- [Work instruction] Your answer should be the lines from the one with "Blend de 180g" to the end of the data below, both included, exact and free of pictures.

== Data extract ==

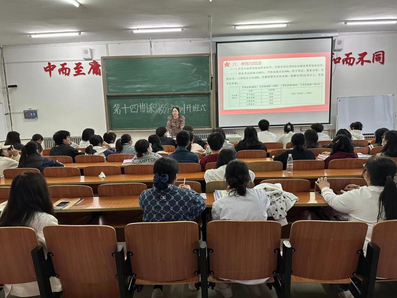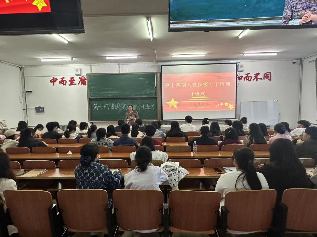 康护工程系2024年9月27日下午17:00-18:30时在1#1101开展了“第十四期入党积极分子培训开班式”本次会议由康护工程系康护专业学生第一党支部书记江丽娜主持。
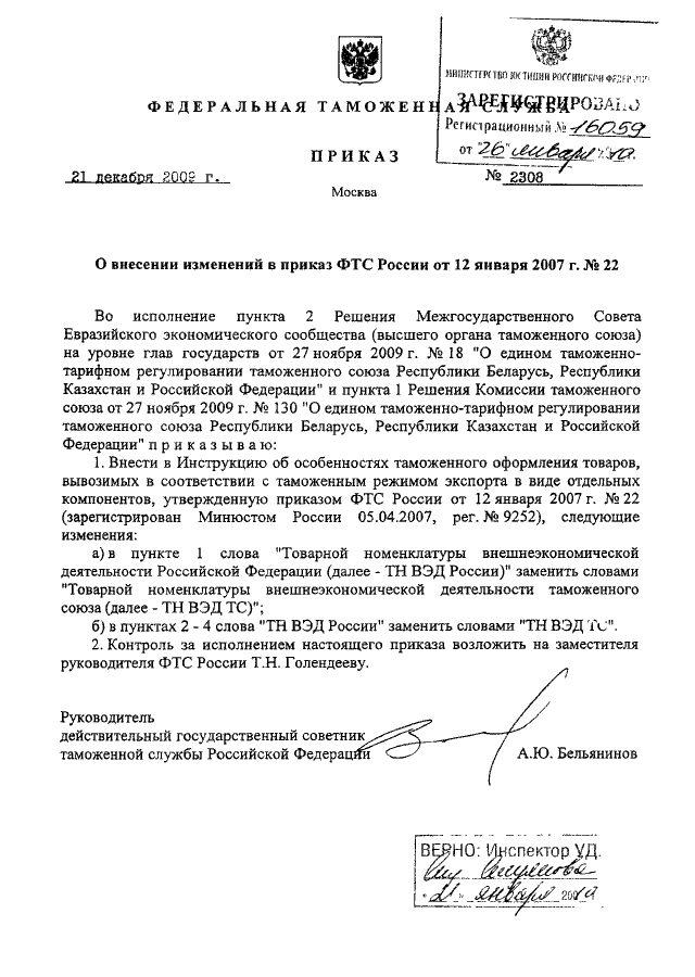 ПРИКАЗ ФТС РФ от 21.12.2009 N 2308
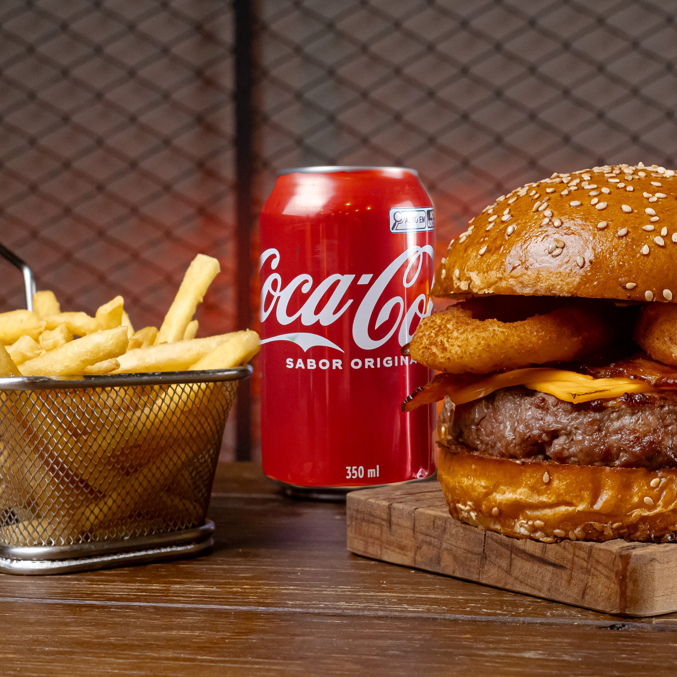 Blend de 180g (in natura), queijo cheddar, bacon e 3 anéis de cebola empanados. Acompanha batata frita e bebida.
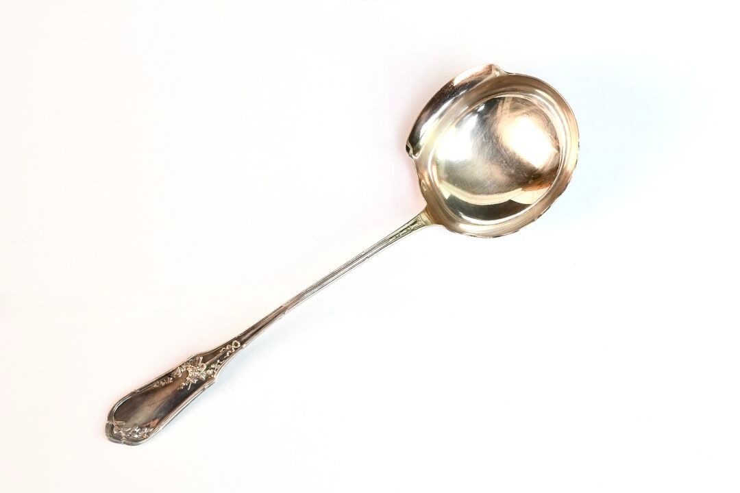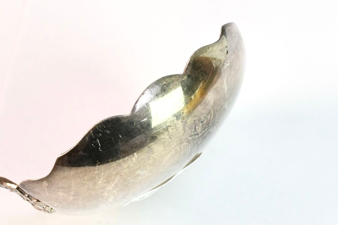 Louis XV style silver plated sauce spoon.

===

- [Output for this task]
 Blend de 180g (in natura), queijo cheddar, bacon e 3 anéis de cebola empanados. Acompanha batata frita e bebida.
 Louis XV style silver plated sauce spoon.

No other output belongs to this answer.